## Branch and bound (BB)

Branch and bound is an algorithm design paradigm for discrete and combinatorial optimization problems, as well as mathematical optimization. A branch-and-bound algorithm consists of a systematic enumeration of candidate solutions by means of state space search: the set of candidate solutions is thought of as forming a rooted tree with the full set at the root. The algorithm explores branches of this tree, which represent subsets of the solution set. Before enumerating the candidate solutions of a branch, the branch is checked against upper and lower estimated bounds on the optimal solution, and is discarded if it cannot produce a better solution than the best one found so far by the algorithm.

The algorithm depends on efficient estimation of the lower and upper bounds of regions/branches of the search space. If no bounds are available, the algorithm degenerates to an exhaustive search.

## Generic version of the BB algorithm

The following is the skeleton of a generic branch and bound algorithm for minimizing an arbitrary objective function $f$. To obtain an actual algorithm from this, one requires a bounding function $\textbf{bound}$, that computes lower bounds of $f$ on nodes of the search tree, as well as a problem-specific branching rule.

1. Using a heuristic, find a solution $x_h$ to the optimization problem. Store its value, $B = f(x_h)$. (If no heuristic is available, set $B$ to infinity.) $B$ will denote the best solution found so far, and will be used as an upper bound on candidate solutions.

2. Initialize a queue to hold a partial solution with none of the variables of the problem assigned.

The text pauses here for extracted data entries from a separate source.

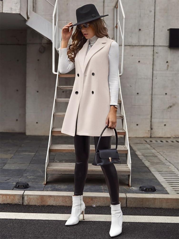 IDEALSANXUN Womens Long Wool Vest Fall Winter Sleeveless Blazer Jackets Double Breasted Trench Coats(Beige)
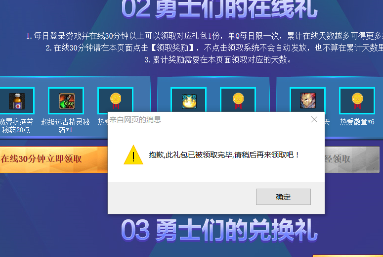领个网页礼包都有数量限制
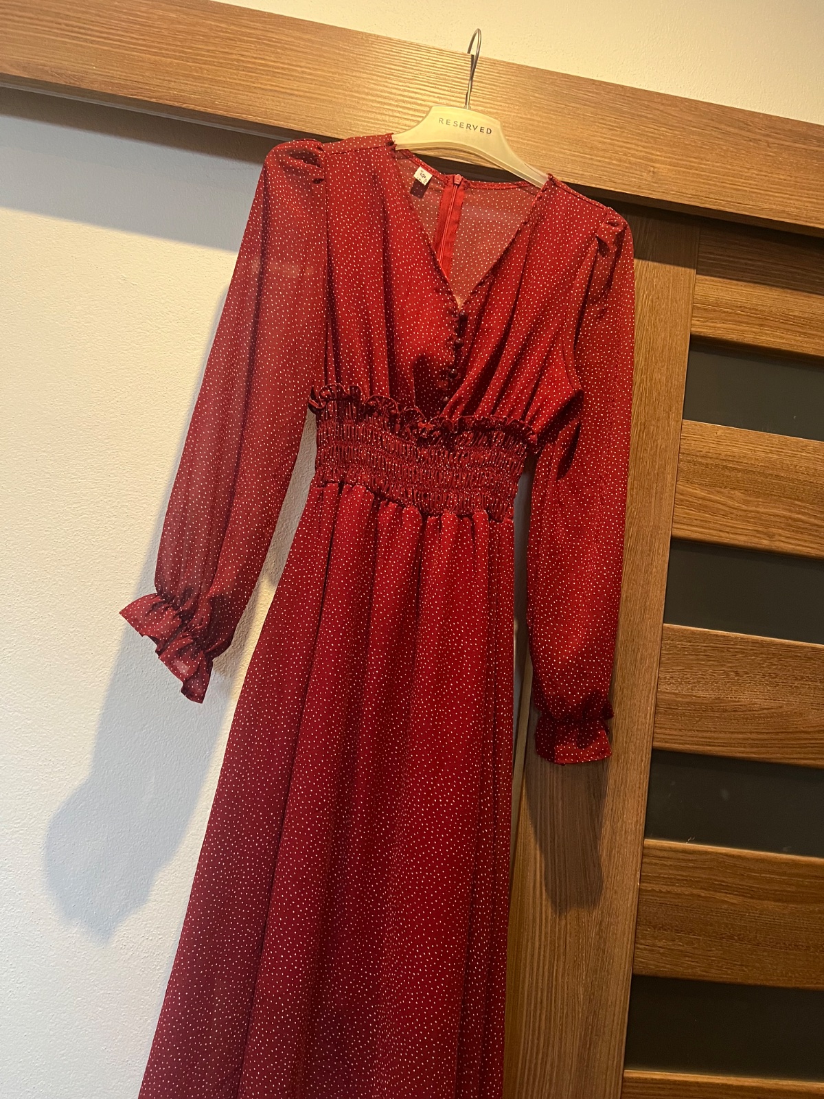 Malo nosené šaty, farba bordová. K cene nie je pripočítané poštovné.
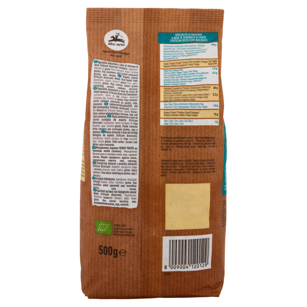 La pasta di farro Alce Nero è prevalentemente realizzata con farro medio o farro Dicocco, così denominato perché contiene di norma 2 cariossidi per spighetta. La semina avviene generalmente in autunno, ma nelle zone di montagna più fredde può essere ritardata fino a primavera inoltrata.

3. Loop until the queue is empty:

1. Take a node $N$ off the queue.

2. If $N$ represents a single candidate solution $x$ and $f(x) < B$, then $x$ is the best solution so far. Record it and set $B ← f(x)$.

3. Else, branch on $N$ to produce new nodes $N_i$. For each of these:

1. If $bound(N_i) > B$, do nothing; since the lower bound on this node is greater than the upper bound of the problem, it will never lead to the optimal solution, and can be discarded.

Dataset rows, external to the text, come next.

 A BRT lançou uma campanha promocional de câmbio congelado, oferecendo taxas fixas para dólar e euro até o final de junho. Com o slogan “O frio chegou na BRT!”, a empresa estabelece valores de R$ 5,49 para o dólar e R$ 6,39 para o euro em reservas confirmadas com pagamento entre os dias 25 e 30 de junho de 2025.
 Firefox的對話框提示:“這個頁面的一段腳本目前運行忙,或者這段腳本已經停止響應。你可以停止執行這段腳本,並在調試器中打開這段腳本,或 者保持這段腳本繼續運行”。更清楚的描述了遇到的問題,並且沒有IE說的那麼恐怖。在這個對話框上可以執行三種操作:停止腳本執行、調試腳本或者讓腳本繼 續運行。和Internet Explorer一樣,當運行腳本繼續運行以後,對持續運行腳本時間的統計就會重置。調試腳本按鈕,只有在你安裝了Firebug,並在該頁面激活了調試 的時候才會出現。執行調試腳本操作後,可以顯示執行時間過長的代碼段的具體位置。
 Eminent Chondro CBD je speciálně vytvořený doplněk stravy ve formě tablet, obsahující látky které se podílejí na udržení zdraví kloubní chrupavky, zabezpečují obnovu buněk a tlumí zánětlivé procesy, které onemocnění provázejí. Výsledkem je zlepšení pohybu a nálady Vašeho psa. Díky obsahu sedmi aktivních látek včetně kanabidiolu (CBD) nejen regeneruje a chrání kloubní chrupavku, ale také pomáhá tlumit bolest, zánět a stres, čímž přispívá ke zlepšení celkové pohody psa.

2. Else, store $N_i$ on the queue.

Several different queue data structures can be used. This FIFO queue-based implementation yields a breadth-first search. A stack (LIFO queue) will yield a depth-first algorithm. A best-first branch and bound algorithm can be obtained by using a priority queue that sorts nodes on their lower bound. Examples of best-first search algorithms with this premise are Dijkstra’s algorithm and its descendant A* search. The depth-first variant is recommended when no good heuristic is available for producing an initial solution, because it quickly produces full solutions, and therefore upper bounds.

## Traveling Salesman Problem (TSP)

The traveling salesman problem (also called the travelling salesperson problem or TSP) asks the following question: “Given a list of cities and the distances between each pair of cities, what is the shortest possible route that visits each city exactly once and returns to the origin city?” It is an NP-hard problem in combinatorial optimization, important in theoretical computer science and operations research.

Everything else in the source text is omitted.